Recent economic turmoil in Japan, the bank added, "has made leading companies such as NEC take measures like the current facility to insure that they are protected from disturbances in financial markets."

The deal comes as Japanese banks are tightening lending to build capital.

The cutbacks in lending follow heavy losses on loans in Southeast Asia, which have forced Japanese banks to dip into capital to augment loan-loss reserves. That has increased opportunities for better-capitalized banks in the United States and other countries to develop business with big Japanese corporations.

"Foreign banks have made a lot of inroads in Japan in the wake of the Asian turmoil," noted Gary Kleiman, president of Kleiman International Consultants, Washington. "A lot of Japanese customers have also opted to diversify with foreign institutions that are seen as more solid. "
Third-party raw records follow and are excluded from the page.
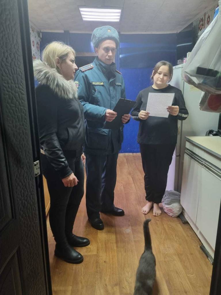 В рамках реализации комплекса мер Курской области «Развитие региональной системы обеспечения безопасности детей на 2024-2025 годы» направленного на оказание помощи детям, пострадавшим от жестокого обращения, обеспечение безопасности детей социальным педагогом Соклаковой И.В, педагогом-психологом Картамышевой И.П., инспектором ОНД ПР по Обоянскому району Гридасовым С.Н., на территории Рыбинобудского сельсовета Обоянского района проведен рейд в семьи, находящиеся в социально-опасном положении, трудной жизненной ситуации, многодетные семьи. В ходе рейда, родители проконсультированы об ответственности за воспитание и образование несовершеннолетних детей. Семьям были вручены памятки по противопожарной безопасности с указанием телефонов экстренных служб.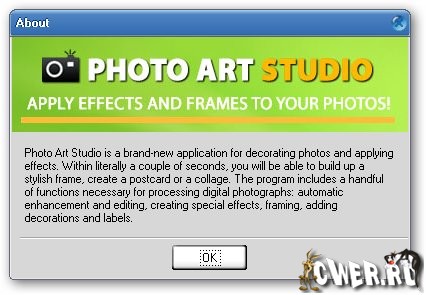 Photo Art Studio представляет собой новое программное обеспечение для украшения фотографий. В комплект входит пакет из пяти удобных программ для создания открыток, коллажей, наложения рамок и пакетной обработки фотографий. В течение буквально нескольких секунд, вы сможете создать стильную рамку, создать открытку или коллаж.
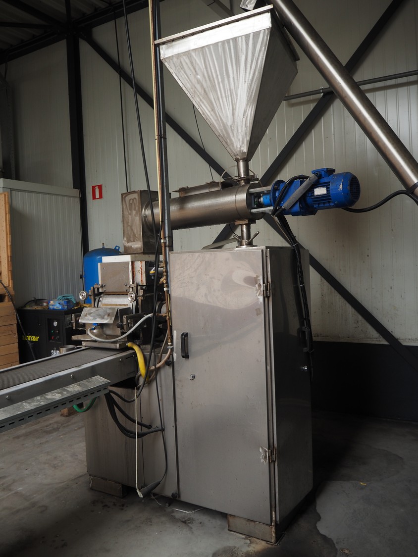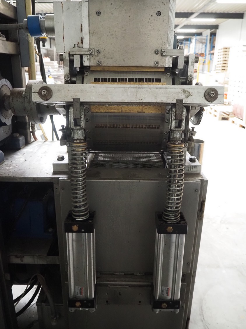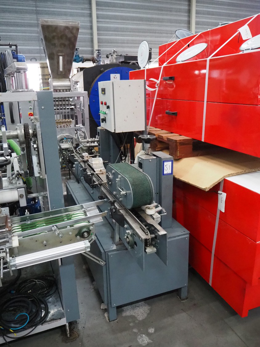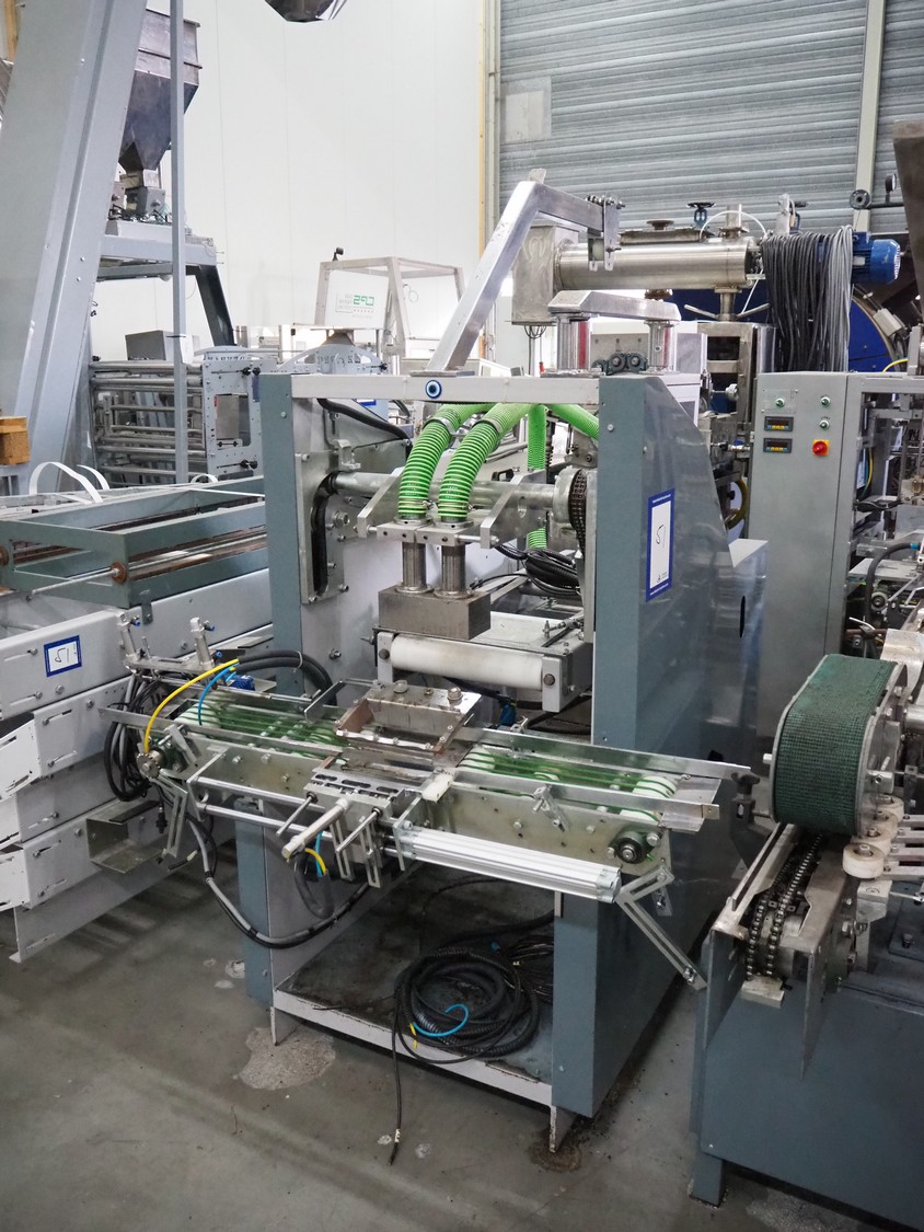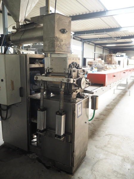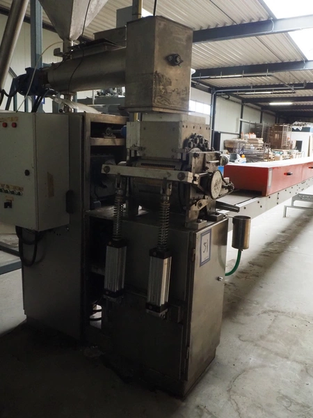 - Teknikeller Makina forming machine for sugar cubes, type: T.T.O.R. 125, 380 V, 3 Ph, 50 Hz, capacity: 12.500 kg/24 hours, dimensions forms: (20x) 10 mm x 15 mm, dimensions forming machine: 2000 mm x 900 mm x 2850 mm, with drying and cooling belt, s/s mesh belt, belt width: 295 mm, length drying area: 18000 mm, length cooling area: 4000 mm, including de-stacker, size: 100 mm x 200 mm, total dimensions: 33500 mm x 2000 mm x 2850 mm;

Three other U.S. banks-Chase Manhattan Corp., J.P. Morgan & Co., and BankAmerica Corp.-are also participating in the NEC revolving credit. Other participants include three German banks and Union Bank of Switzerland.

Lending by foreign banks in Japan surged to a high of nearly $79 billion in September before slipping to about $72 billion in November, according to the Bank of Japan.

Despite the opportunities that are emerging in Japan, some analysts warn that spreads there will have to widen before banks can justify expanding lending.

"Foreign banks, which in general have vocal and demanding shareholders, will not be able to expand their Japanese loan portfolios as long as they are unable to earn a meaningful economic rate of return," according to a recent report from Salomon Smith Barney, a unit of Travelers Group.

Average net interest margins for banks in Japan, Salomon Smith Barney noted, is now only 0.43%, compared with 1% in Switzerland, 1.35% in Germany, 1.57% in France, 2.39% in the United States, and 2.68% in Britain.

"Foreign banks will find it hard to justify investing any capital for lending in Japan," the report said.

Bankers and analysts said Citicorp mainly stands to earn a commission fee on the NEC facility. But they added that the deal could help the bank develop a relationship with the electronics giant.

"One of the reasons for doing a deal like this beyond just the spread on the loan is that it's part of an overall relationship," said Morgan Brassler, executive vice president in charge of the Asia/Pacific region at Bank of New York Co. Others expressed similar views.

"Citibank is going into this not just for profits from loans but in order to build or maintain relationships with Japanese companies that will survive the credit crunch," said Allen Sinai, an economist with Primark Decision Economics Inc. in New York.